Intra-Class Correlation
m0_lme <- lme(Sal95 ~ 1, random = ~ 1|Dept, data = gender, method = "ML")
summary(m0_lme)## Linear mixed-effects model fit by maximum likelihood
## Data: gender
## AIC BIC logLik
## 6380.073 6390.767 -3187.036
##
## Random effects:
## Formula: ~1 | Dept
## (Intercept) Residual
## StdDev: 77875.46 46044.76
##
## Fixed effects: Sal95 ~ 1
## Value Std.Error DF t-value p-value
## (Intercept) 161820 32004.69 255 5.056132 0
##
## Standardized Within-Group Residuals:
## Min Q1 Med Q3 Max
## -3.1749606 -0.6715005 -0.1370858 0.5888108 3.3605279
##
## Number of Observations: 261
## Number of Groups: 6Here, we try to see if Salary is an Gender-Level or Department-Level thing.

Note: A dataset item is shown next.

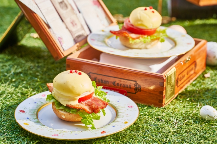 春のアフタヌーンティーは、白うさぎならぬ“イースターバニー”からの招待を受けたアリスが訪れた「不思議の国の花祭り」がテーマ。はじめにアシェットデセール「The Flower Clock~不思議の国への招待状~」を受け取って、色鮮やかな春の花々が咲き誇る不思議の国へと旅立ちます。うさぎに見立てたグリオットケーキ、春のガーデンをイメージしたシュークリーム、ステンドグラスのように色鮮やかなアイシングクッキーなどのスイーツや軽食、スコーンを、マリアージュフレール社の香り高い紅茶とともにご堪能ください。

77875.46/(77875.46+46044.76)=0.62852352
About 62.8% of the total variation in Salary can be attributed to Department-Level influences. The other 37.2% can be attributed to Gender-Level.
intervals(m0_lme)## Approximate 95% confidence intervals
##
## Fixed effects:
## lower est. upper
## (Intercept) 98913.63 161820 224726.3
## attr(,"label")
## [1] "Fixed effects:"
##
## Random Effects:
## Level: Dept
## lower est. upper
## sd((Intercept)) 44007.34 77875.46 137808.6
##
## Within-group standard error:
## lower est. upper
## 42217.16 46044.76 50219.39Conclusion
The intial ecological analysis showed that there was an effect between Gender and Salary, however we could not conclude that to be true because the analysis was department level. After doing several pooling anlysis and intra-class correlation, the results showed the effect to be true.